Thursday, June 28, 2018

It's been awhile since I've written.
Life has a way of getting busy and things get in the way.
Since Eleanor was born, I feel like I've blinked and time just continues to fly.
I started a new job in October of last year, and getting adjusted and acclimated to that has been both a joy and challenge.
Working full time along with being a wife and momma consume just about every second that I have, so it's been challenging to find time for this outlet in my life.
Writing has always been a place where I find my own freedom.

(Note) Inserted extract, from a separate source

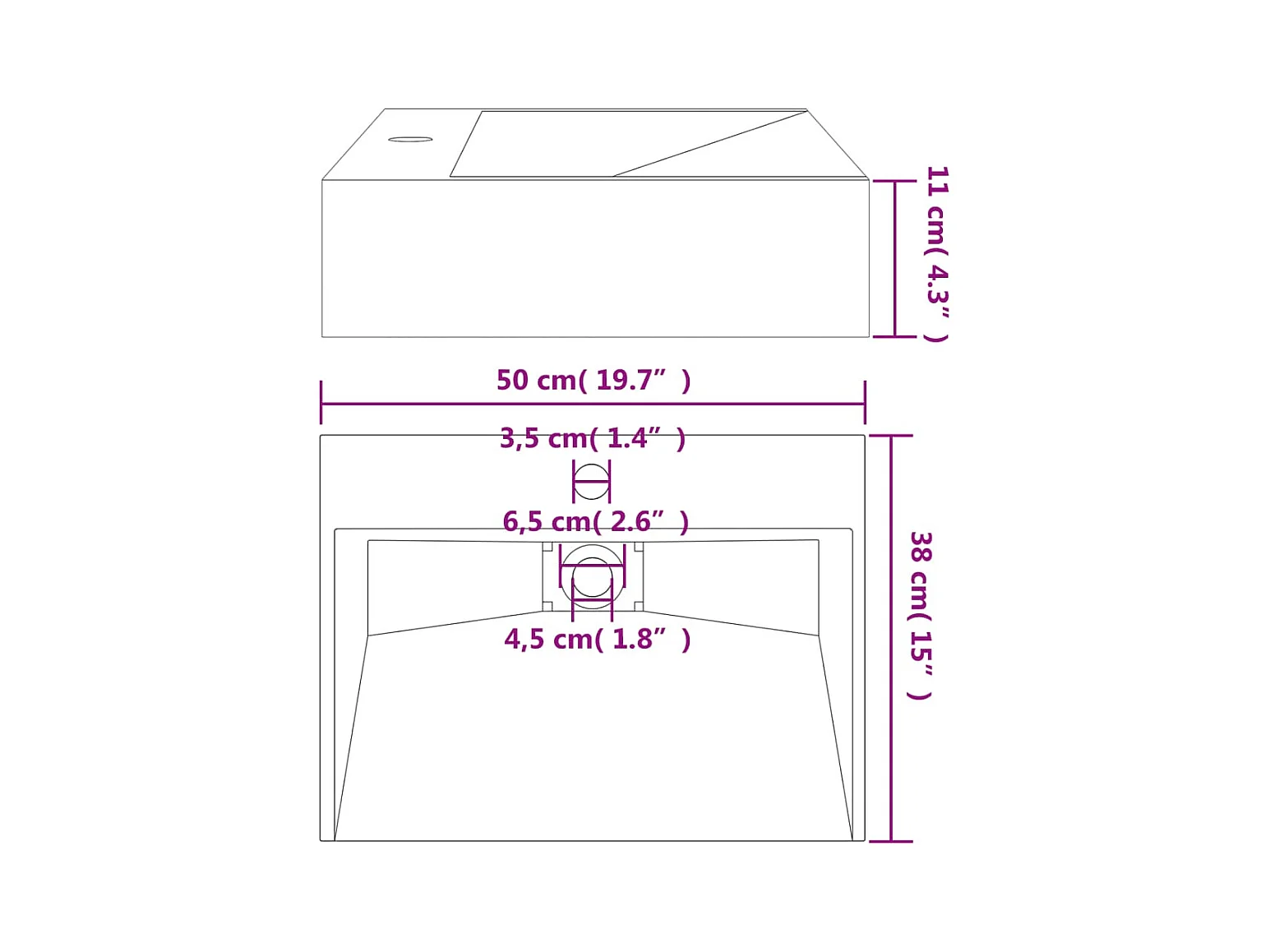 Lavabo 50x38x11 cm colata minerale/marmo nero opaco

I have about 120 posts that have never been published on my blog, but the chance to sit and write it all out has always been freeing for me.
It's a piece of time for me, where I can look back and see/remember the places I've been, both the good and the bad and in it all I can see God's hand in each season of my story.
Whether anyone benefits from it or not, was never the intention for my writing to begin with, and in the past several months, I've been challenged to remember why I ever started writing. 
I've also had my own struggles in why I haven't been writing and I've taken some time to dig deep and search my own heart and my motives.
Maybe my life doesn't look like some of those whose writings I read, or whose instagrams I follow and think to myself  (here's real honesty) 'man they really have it all together.' or 'is there house ever a mess?' or 'is there ever a time they don't get to do what they want to do?' or 'I wish I got to go to the coffee shop and target 4-5 times a week, must be nice.'
Right or wrong, these are thoughts I struggle with.
Even with those people that I know and do life with personally.
But the truth lies here.
Comparison kills joy.
I don't live a picture perfect, or instagram/blog perfect life.
In fact, its the complete opposite.
I'm not the "stay at home, yoga pants wearing, go to chick-fil-A play date kinda mom." 
Sure I'd love to be, who wouldn't? But for this season, that is not where the Lord has me.
Let me be clear, to those of you who are, I have mad respect for the weight you bear in taking on this role in being home each and everyday with your precious babies- as I know, it too comes with its own challenges. I am simply trying to express where I am at and I don't stand in judgement of anyone on the other end.
The challenge of being a full time working Mom is something I'm not sure I see/hear much about, and I'm not sure the guilt and weight of that has ever been expressed from my perspective because let's be honest, there isn't much time to sit down and put it all on paper and secondly, the fear of being judged exists.
That being said, here I am.
It's been awhile, but I'm here.
It's rare in our home that the laundry is all folded and put away, or the bottles completely clean and put back in their place, or the toys in their boxes and all in their right places. In fact, in the last 14 months of my life since having Eleanor, I have begun to see and realize the beauty of saying "yes" more- to things that maybe weren't "planned" or to taking a spur of the moment trip to the park on a Tuesday night just because it's gorgeous outside instead of staying in and having a clean/put together house.  Andrew is part of what helps me to find this balance as he keeps perspective far better than I do, and he reminds me sometimes to just enjoy the little things in the midst of our crazy life. I'm thankful for his steadfast, unwavering love, I couldn't do this parenting thing without him. 
I'm learning to find j o y in the little things, and to make the most of the time I do have with my precious girl. It's been a growing season for me in many ways, and perspective continues to change me.
I have so much room to grow, and I know that, but I'm working everyday to do and be the mom and wife I am called to be.
Instead of comparing my life to others, I'm trying to remember as I read this week
"The grass may be greener on the other side, but we have to plow through the field we're in." 
(Mike Glenn)
I'm grateful for this season.
Even on the hard days.
I'm thankful for the opportunity to love Eleanor and to teach her how to walk in what God has for her as she watches me both succeed and stumble through my own journey in trying to be all God has for me each day.
 I hope in the realness she learns, that no matter what, God will absolutely be faithful to her if she trusts Him.
So here's to writing.
To finding my own freedom and for the reminder of God's faithfulness along the journey.
If you're reading, I hope you're encouraged in some way. 
Remember, you don't have to have it all together. None of us do. 
And from one Mom to another, You're not alone.
Here's a few pictures of times where there were more 
Yes's to the things that matter.













2 comments:

  1. Amazing post. As im rushing around painting and cleaning for a baby shower that my kids have planned, this hits home. Worrying about being judged on the appearance of my home to new visitors while i should just be enjoying my time with my loving, yes messy, kids. Thanks for the reminder. God has given us these blessings and sometimes we get too caught up in the day to day tasks. Hope E is better!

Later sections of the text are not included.